Resisting the Urge to Say, "Good Job!"

My two year old is in the, "myself" phase. He doesn't want help putting on his shoes, opening the door or carrying his plate to the sink. I am stoked that he's asserting his independence and motivated to build new skills. ...Except when he wants to do car seat buckles...it takes forever. 

Lately he's started saying, "don't see me" (i.e. go away) when he's working on one of these new skills. I was a little shocked at first because I wanted to cheer him on!

Then I remembered Alphie Kohn. The dude who wrote Punished By Rewards and the article Five Reasons to Stop Saying "Good Job!", who claims that when we praise children as they struggle to learn something new we rob them of their joy. He says: 

A child deserves to take delight in her accomplishments, to feel pride in what she's learned how to do. She also deserves to decide when to feel that way. Every time we say, "good job!", though, we're telling a child how to feel. ... The most notable feature of a positive judgment isn't that it’s positive, but that it’s a judgment. And people, including kids, don’t like being judged.

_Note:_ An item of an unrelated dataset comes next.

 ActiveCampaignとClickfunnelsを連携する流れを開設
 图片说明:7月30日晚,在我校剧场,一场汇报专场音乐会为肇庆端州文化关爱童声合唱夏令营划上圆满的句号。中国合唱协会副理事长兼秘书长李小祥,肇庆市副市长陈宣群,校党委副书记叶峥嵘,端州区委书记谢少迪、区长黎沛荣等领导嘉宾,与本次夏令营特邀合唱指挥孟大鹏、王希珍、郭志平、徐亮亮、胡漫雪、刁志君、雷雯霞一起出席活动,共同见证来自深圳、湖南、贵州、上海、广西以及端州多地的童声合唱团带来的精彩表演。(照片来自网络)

... I want my daughter to share her pleasure with me, not look to me for a verdict. I want her to exclaim, "I did it!" ... instead of asking me uncertainly, "Was that good?"

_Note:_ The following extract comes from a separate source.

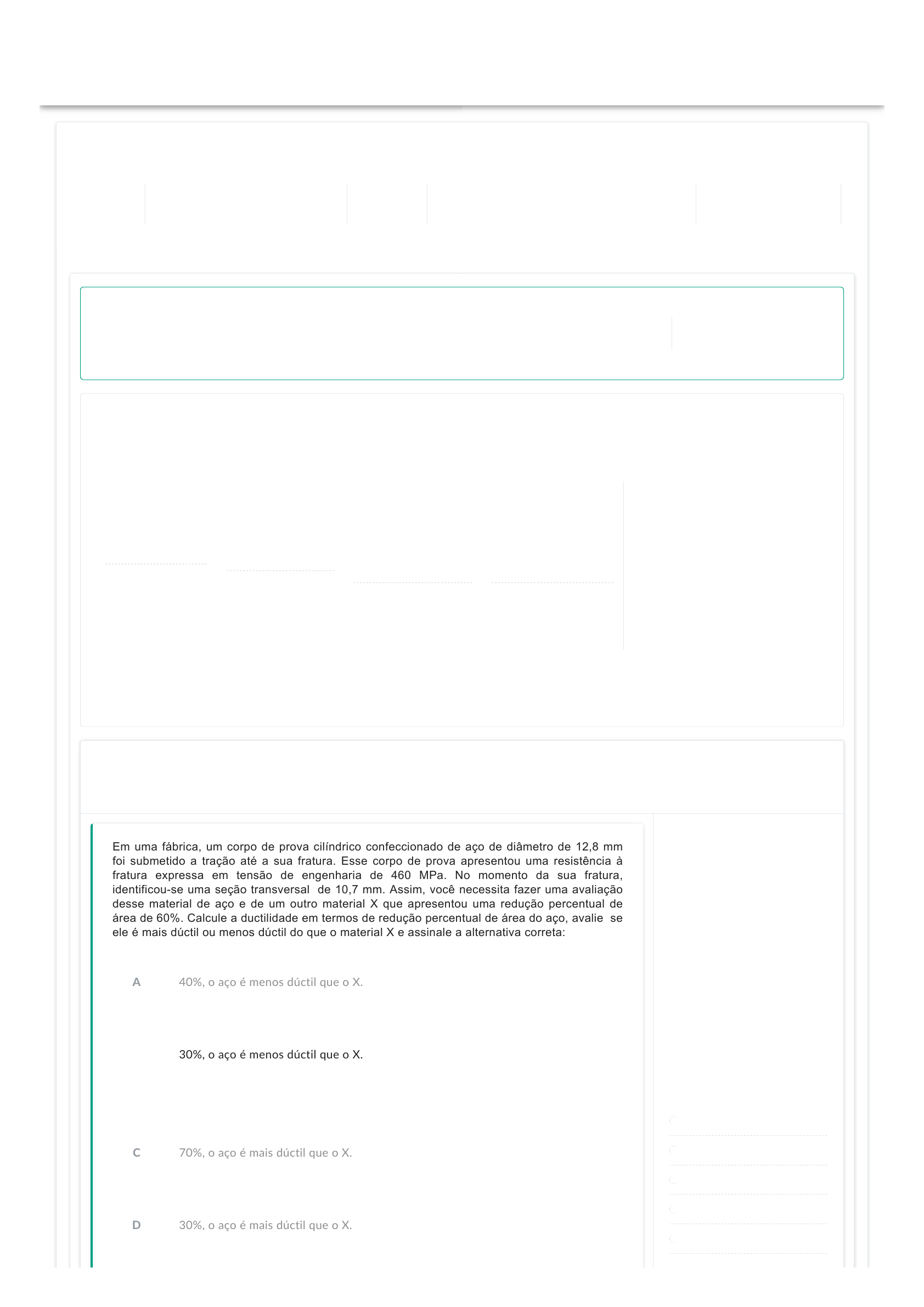 <p>Respostas</p><p>Desempenho do aluno</p><p>AAttiivviiddaaddee 22 ((AA22)) -- QQUUÍÍMMIICCAA GGEERRAALL EE CCIIÊÊNNCCIIAASS DDOOSS MMAATTEERRIIAAIISS -- GGRR22996611</p><p>AAlluunnoo DDiisscciipplliinnaa</p><p>QUÍMICA GERAL E CIÊNCIA DOS MA</p><p>TERIAIS</p><p>PPeerrííooddoo lleett</p><p>iivvoo</p><p>20242</p><p>TTuurrmmaa</p><p>QUÍMICA GERAL E CIÊNCIA DOS MATERIAIS (242G</p><p>GR2961A)</p><p>EEnncceerrrraammeennttoo ddeessttaa aavvaall</p><p>iiaaççããoo</p><p>21/09/2024 23:59:59</p><p>AAvvaalliiaaççããoo ffiinnaalliizzaaddaa</p><p>Resultado final</p><p>AAvvaalliiaaççããoo ffiinnaalliizzaaddaa eemm::</p><p>05/09/2024 17:42:15</p><p>DDeesseemmppeennhhoo rreessuummiiddoo</p><p>Resumo de acertos e erros do aluno</p><p>10 corretas</p><p>Total de</p><p>questões</p><p>corretas</p><p>0 incorretas</p><p>Total de questões</p><p>incorretas</p><p>0 sem</p><p>resposta</p><p>Total de questões</p><p>sem resposta</p><p>0 não</p><p>corrigidas</p><p>Total de questões</p><p>não corrigidas</p><p>ENOC MOREIRA 10 10 10 10,00 10,00</p><p>1100,,0000</p><p>Nota final</p><p>QQuueessttããoo eemm ddeettaallhheess</p><p>Gabarito e respostas das questões</p><p>Gabarito</p><p>1 2 3</p><p>4 5 6</p><p>7 8 9</p><p>10</p><p>Legenda das questões</p><p>Corretas</p><p>Incorretas</p><p>Sem respostas</p><p>Não corrigidas</p><p>Discursivas corrigidas</p><p>Em uma fábrica, um corpo de prova cilíndrico confeccionado de aço de diâmetro de 12,8 mm</p><p>foi submetido a tração até a sua fratura. Esse corpo de prova apresentou uma resistência à</p><p>fratura expressa em tensão de engenharia de 460 MPa. No momento da sua fratura,</p><p>identificou-se uma seção transversal de 10,7 mm. Assim, você necessita fazer uma avaliação</p><p>desse material de aço e de um outro material X que apresentou uma redução percentual de</p><p>área de 60%. Calcule a ductilidade em termos de redução percentual de área do aço, avalie se</p><p>ele é mais dúctil ou menos dúctil do que o material X e assinale a alternativa correta:</p><p>B 30%, o aço é menos dúctil que o X.</p><p>Resposta correta</p><p>A 40%, o aço é menos dúctil que o X.</p><p>C 70%, o aço é mais dúctil que o X.</p><p>D 30%, o aço é mais dúctil que o X.</p><p>Questão anulada</p><p>E</p><p>40%, o aço é mais dúctil que o X.</p><p>Analise o diagrama de fases do sistema de Cobre-Prata que está representado na figura a</p><p>seguir:</p><p>Fonte: Adaptado de CALLISTER Jr., W.D. Fundamentos da Ciência e Engenharia de Materiais.</p><p>7ª Ed. Editora LTC. Rio de Janeiro, 2006, p 254.</p><p>Considerando que alfa e beta são ricas em cobre e prata, respectivamente, analise as</p><p>afirmativas a seguir.</p><p>I. A fase alfa tem ponto de fusão no ponto F e esse diagrama é classificado como eutético.</p><p>II. A composição de cobre na liga a qual apresenta menor temperatura de fusão</p><p>corresponde a 28,1 % Cu.</p><p>III. A quantidade de fase líquida presente na liga a 780 °C, com composição de 20 % de Ag,</p><p>é de aproximadamente 18,8%.</p><p>IV. A solubilidade máxima do cobre na beta é representado no diagrama pelo ponto G.</p><p>Está correto o que se afirma em:</p><p>B II, III e IV, apenas.</p><p>Resposta correta</p><p>A I, II e III, apenas.</p><p>C I e II, apenas.</p><p>D III e IV, apenas.</p><p>E</p><p>II e III, apenas.</p><p>Analise o gráfico a seguir:</p><p>Fonte: Autoria própria (2019).</p><p>É um dever do engenheiro familiarizar-se com as diferentes propriedades mecânicas, saber as</p><p>dimensões e o significados dessas propriedades. Desse modo, esse conhecimento será</p><p>necessário para o projeto de estruturas e componentes que utilizem materiais previamente</p><p>determinados, a fim de que não ocorram níveis inaceitáveis de deformação e/ou falhas.</p><p>Considerando o gráfico tensão deformação, analise as afirmativas a seguir e assinale V para</p><p>a(s) Verdadeira(s) e F para a(s) Falsa(s).</p><p>I. ( ) O material C possui uma maior tensão de ruptura do que o material B.</p><p>II. ( ) O eixo das abscissas é adimensional, ao passo que o eixo das ordenadas representa-</p><p>se por MPa.</p><p>III. ( ) A lei de Hooke é válida para todos os três materiais até o limite de proporcionalidade;</p><p>IV. ( ) O módulo de elasticidade do material A é maior do que o módulo de elasticidade do</p><p>material C. A, então, poderia ser um material cerâmico, enquanto que C poderia ser um</p><p>alumínio (metálico).</p><p>Assinale a alternativa que apresenta a sequência correta:</p><p>C F, V, V, V.</p><p>Resposta correta</p><p>A F, V, F, V.</p><p>B V, V, F, F.</p><p>D V, V, V, F.</p><p>E</p><p>F, V, V, F</p><p>A maioria das estruturas é projetada para certificar que ocorra apenas deformação elástica</p><p>quando uma tensão for submetida. Uma estrutura ou componente que tenha sido deformado</p><p>plasticamente, ou que tenha sofrido mudança permanente em sua forma, pode não ser capaz</p><p>de funcionar como planejado pela equipe de engenharia. Torna-se, por conseguinte, desejável</p><p>conhecer o nível de tensão no qual tem início a deformação plástica, ou no qual ocorre o</p><p>fenômeno chamado escoamento.</p><p>Fonte: Autoria própria</p><p>A respeito do ensaio de tração mostrado no gráfico tensão-deformação, analise as afirmativas</p><p>a seguir e assinale V para a(s) Verdadeira(s) e F para a(s) Falsa(s).</p><p>I. ( ) O ponto A é conhecido como o escoamento do material e há diferença física entre o</p><p>corpo de prova com relação ao ponto B.</p><p>II. ( ) O ponto C corresponde ao limite de resistência à tração.Se essa tensão for aplicada e</p><p>mantida, ocorrerá a fratura do corpo de prova.</p><p>III. ( ) O ponto C apresenta constrição ou empescoçamento e a lei de Hooke é válida apenas</p><p>até esse ponto, conhecido como “ponto máximo”.</p><p>IV. ( ) Entende-se por resistência à fratura o correspondente à tensão no ponto D, isto é,</p><p

My son wants to struggle on his own so he can take full credit for his accomplishment. As he does, he's building intrinsic motivation and the right to feelings of pride and joy. But he can't stop me from saying, "YES you did!" when he is ready for an audience because we all know I'm just about ready to bust when he finally jumps up to say, "I did it!"

More on positive reinforcement in coming weeks. It's tricky business...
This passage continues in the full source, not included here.